Olive went a step backward in the conversation.
"She may not literally eat with her knife," she said; "but, at least, she does it metaphorically, and then, at the end, she licks it. Yes, that's very vulgar; but it is true, and there's nobody but you to hear it. Listen. I haven't told you the worst yet." And Olive recounted to her father Kathryn Brenton's catechism concerning Opdyke, her manifest and merciless curiosity, so thinly veiled behind her avowed desire to administer consolation.
When she had finished, the doctor shook his wise gray head.

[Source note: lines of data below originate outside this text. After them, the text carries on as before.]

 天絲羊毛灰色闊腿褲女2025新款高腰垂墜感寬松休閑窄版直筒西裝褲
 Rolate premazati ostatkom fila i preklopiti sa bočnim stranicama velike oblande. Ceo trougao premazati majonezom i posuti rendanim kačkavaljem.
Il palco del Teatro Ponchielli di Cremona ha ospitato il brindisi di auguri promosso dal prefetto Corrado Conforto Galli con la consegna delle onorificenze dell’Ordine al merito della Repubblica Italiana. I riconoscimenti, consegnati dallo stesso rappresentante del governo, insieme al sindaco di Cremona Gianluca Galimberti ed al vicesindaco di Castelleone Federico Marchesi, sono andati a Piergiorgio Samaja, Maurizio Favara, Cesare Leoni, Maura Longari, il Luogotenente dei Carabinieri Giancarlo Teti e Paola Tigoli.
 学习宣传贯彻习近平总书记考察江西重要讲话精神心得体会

"Some women are merely pussy cats, Olive, and some of them are panthers," he said gravely. "I am glad you told me. I'll put the Opdykes on their guard. Reed has seemed to be gaining lately; more depends on his nerves than those New York butchers of his are quite aware. I do know it, because I've taken care of his mother ahead of him; and there are some cases when an old-fashioned doctor with common sense and a closet full of family traditions is worth a dozen modern surgeons. Reed has been doing a little better lately; you and Dolph Dennison, with all your nonsense, are steadying him wonderfully. But that she-gargoyle! Olive, she'd have Reed in his coffin, inside of half an hour. I'll see that she's kept out on the steps. If she wants to kill her husband, I can't help it. She's got her grip on him. I'll be hanged, though, if she gets that nose of hers inside Reed Opdyke's room."
"I wonder," Olive rested her elbows on the table, and spoke down at her interlaced fingers; "wonder why it is we both of us dislike her so."

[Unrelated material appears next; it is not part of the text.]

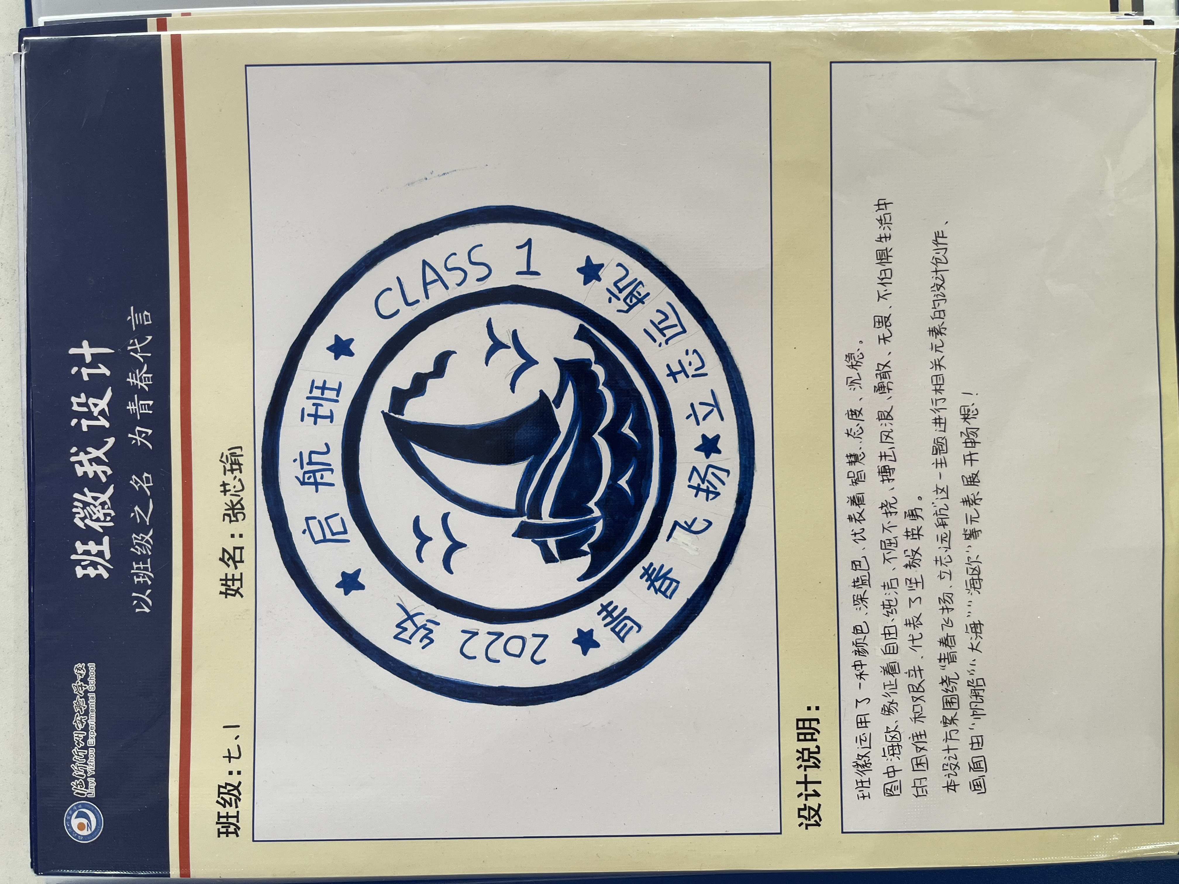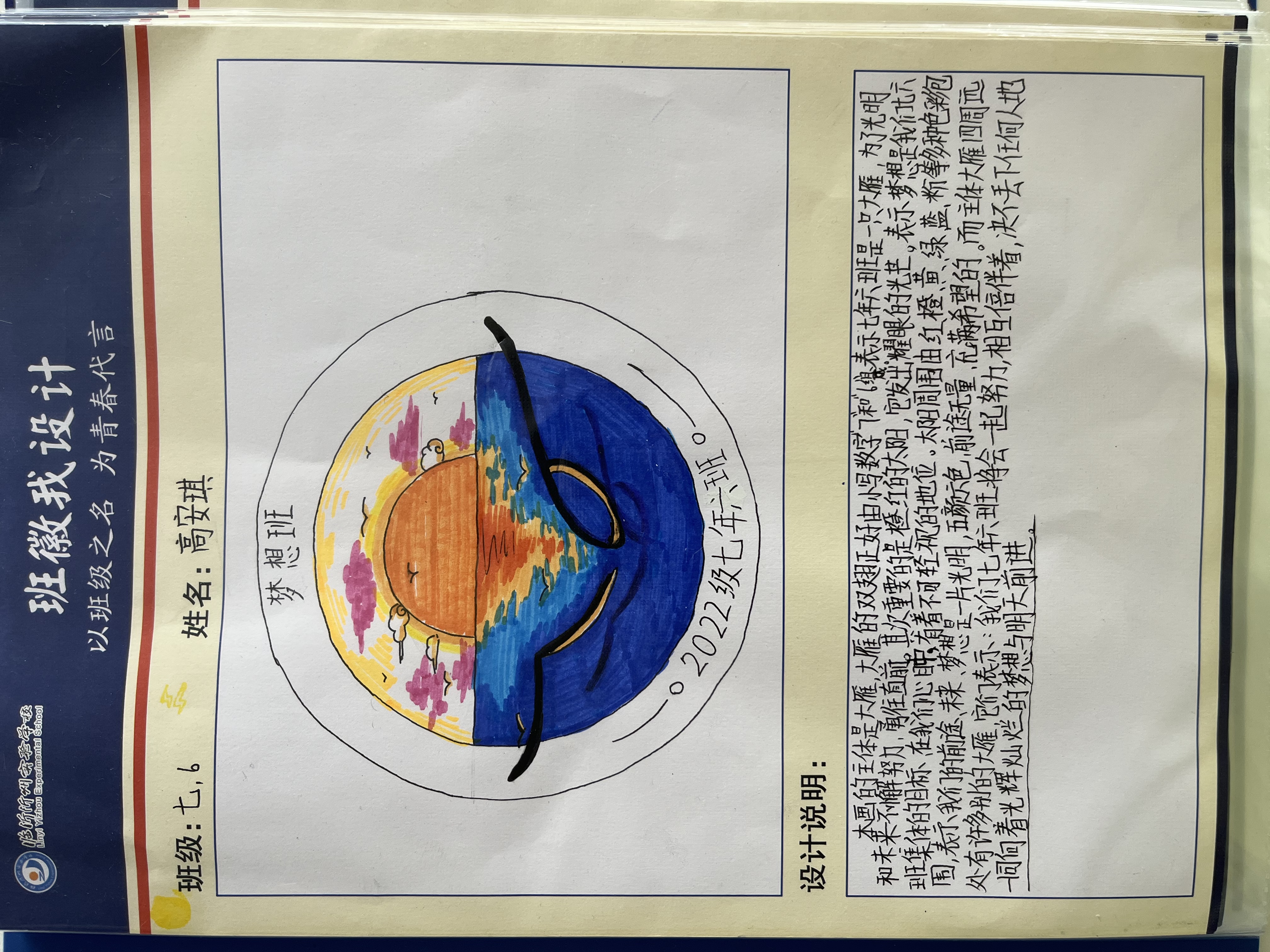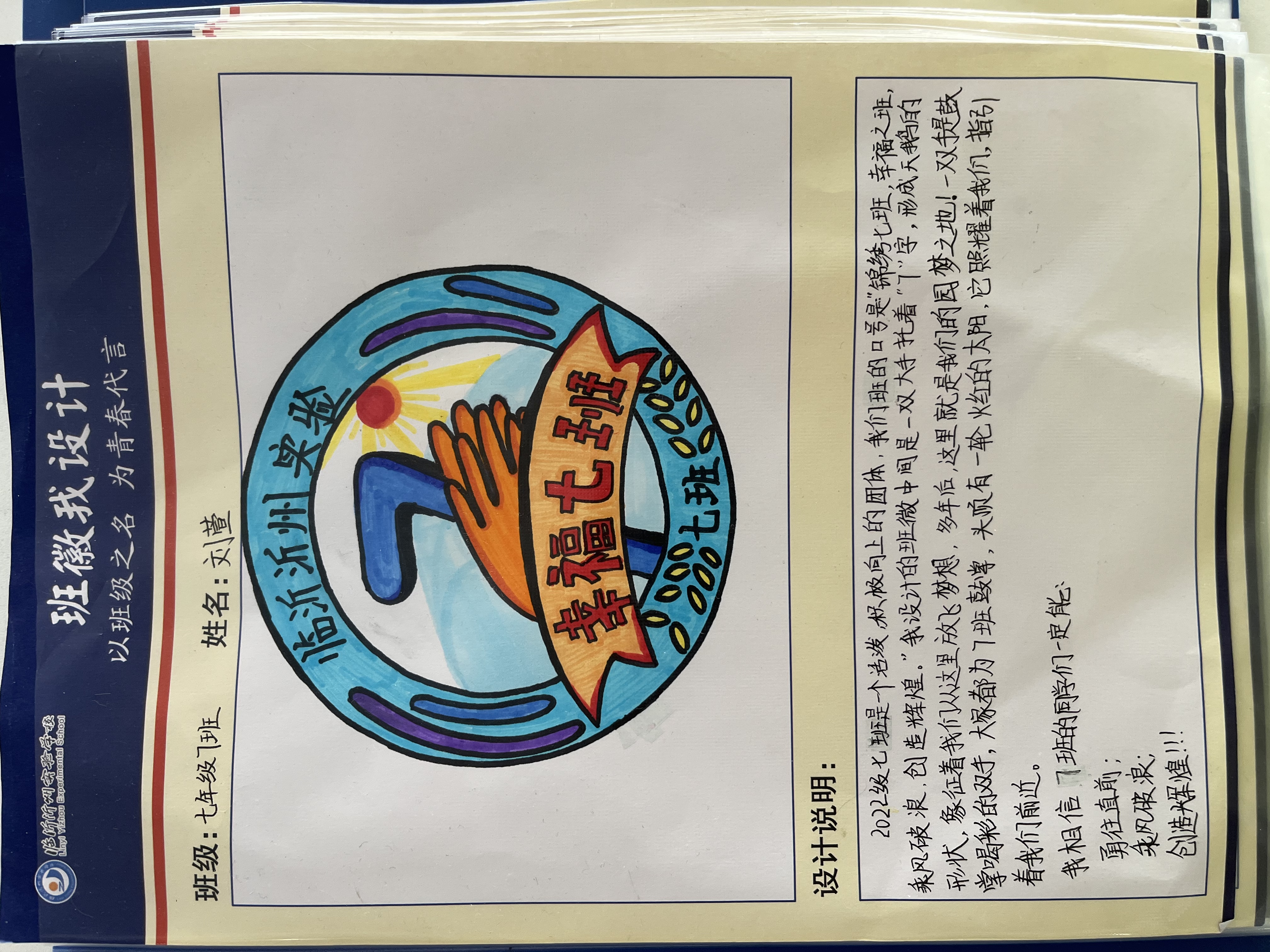 為促進班級之間的了解,增進同學之間的友誼,共塑班級榮譽感和集體感,提高班級凝聚力,2022年10月,沂州實驗學校七年級舉辦了班徽設計活動,將美育融入到班級文化建設中,七年級全體同學參加了這次活動。在設計班徽的過程中,同學們盡情發(fā)揮自己的創(chuàng)造力與想象力,將班名、班級理念等元素嵌入對班徽的理解和期望中。

"I've been her doctor," Doctor Keltridge observed, as if that one fact were sufficient explanation.
"But she must have lucid intervals."
"Precious few," the doctor growled. "What's worse, they are getting fewer, every week. If I were in Brenton's place, I'd take to drink, and use that as an excuse for beating her. He's denied that luxury, though, by what she calls his cloth. To hear her talk, you'd think we laymen dressed in tissue-paper napkins."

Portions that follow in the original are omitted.